Escola pública de qualidade: quanto queremos pagar por isto? Artigo de Luciano Medes Filho
Luciano Mendes de Faria Filho é professor da Universidade Federal de Minas Gerais (UFMG) e Coordenador do Projeto Pensar a Educação Pensar o Brasil - 1822/2022. Artigo enviado ao JC Email pelo autor.
Estabelecida a gratuidade da escola primária pela Constituição de 1824, Minas Gerais foi uma das primeiras províncias do Império Brasileiro a estabelecer a sua obrigatoriedade, em 1835. No entanto, em 1845, o vice-presidente da província de Minas Gerais, então a mais rica e populosa do império, Quintiliano José da Silva, referia-se à lei nº 275, que havia limitado o número de escolas na província, e sentenciava que "esta medida não deixa de ser a muitos respeitos prejudicial, mas eu entendo que, em quanto não melhorarem nossos recursos financeiros, nada devemos inovar a este respeito." Passados 170 anos, ainda hoje, os estados mais ricos da Federação, como MG e RS, dizem não ter recursos para pagar um salário decente a seus professores e, assim, investir em uma educação de qualidade.

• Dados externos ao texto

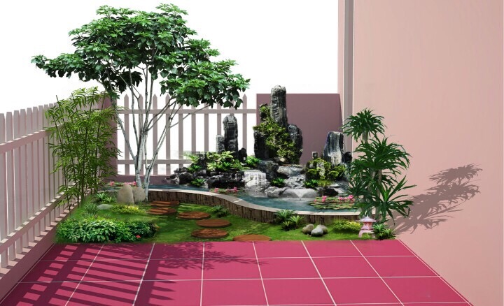 Thiết kế hòn non bộ là sự kết hợp của các yếu tố sơn, thủy, cây...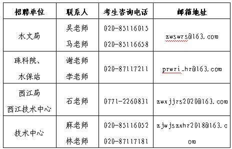 各招聘单位咨询电话及邮箱:

Conquistada a expansão da escola básica, há hoje no Brasil um clamor generalizado pela elevação de sua qualidade. Desta dependeria, segundo os empresários, a mão de obra qualificada para fazer frente ao crescimento econômico; já segundo os cientistas, sem melhorar a educação básica não será possível suportar a crescente demanda por produção científica e tecnológica; sem melhorar a educação, afirmam as autoridades do estado, não será possível retirar o País da posição vergonhosa que ocupa nos rankings internacionais da educação; mas, também, sem melhor educação, dizem os ativistas sociais, não será possível fazer do Brasil um país de instituições modernas e mais democrático. Isto para listar apenas quatro dos principais argumentos mobilizados no momento.
Se há tamanha unanimidade, por que não há mudança de fato ou, na visão dos mais otimistas, por que as mudanças ocorrem tão lentamente?
Penso que isto é devido ao fato de que não conseguimos chegar ao consenso mais importante: quanto estamos dispostos a gastar como sociedade e, neste sentido, como Estado Nacional, na manutenção de uma escola básica de qualidade para todos? Acostumados que estamos com uma cultura política baseada em privilégios, de tal forma que, ainda hoje, falamos dos mais pobres como desprivilegiados, naturalizamos o fato existir no Brasil uma escola para os filhos dos trabalhadores e outra para as camadas médias e altas.
Uma possibilidade história de superação desta situação está posta, hoje, na discussão do Plano Nacional da Educação em tramitação no Congresso Nacional e está relacionada diretamente com o montante de recursos do PIB que aplicaremos na educação pública nos próximos anos. Os ocupantes do Planalto, da Esplanada dos Ministérios e boa parte dos congressistas sabem que o montante entre 7% e 8%, defendido pelo governo, é insuficiente para fazer frente às necessidades de investimento para termos uma educação de qualidade.
A sociedade civil organizada luta contra a insensibilidade daqueles que lastimam a sorte da escola pública, mas que não estão dispostos a criar condições para realizar mudanças substantivas. A luta a favor dos 10% do PIB para educação se apresenta, pois, como uma oportunidade para fazer, hoje, as mudanças que não tivemos coragem de fazer no passado; inclusive porque podemos não ter outros 170 anos para pensar no assunto!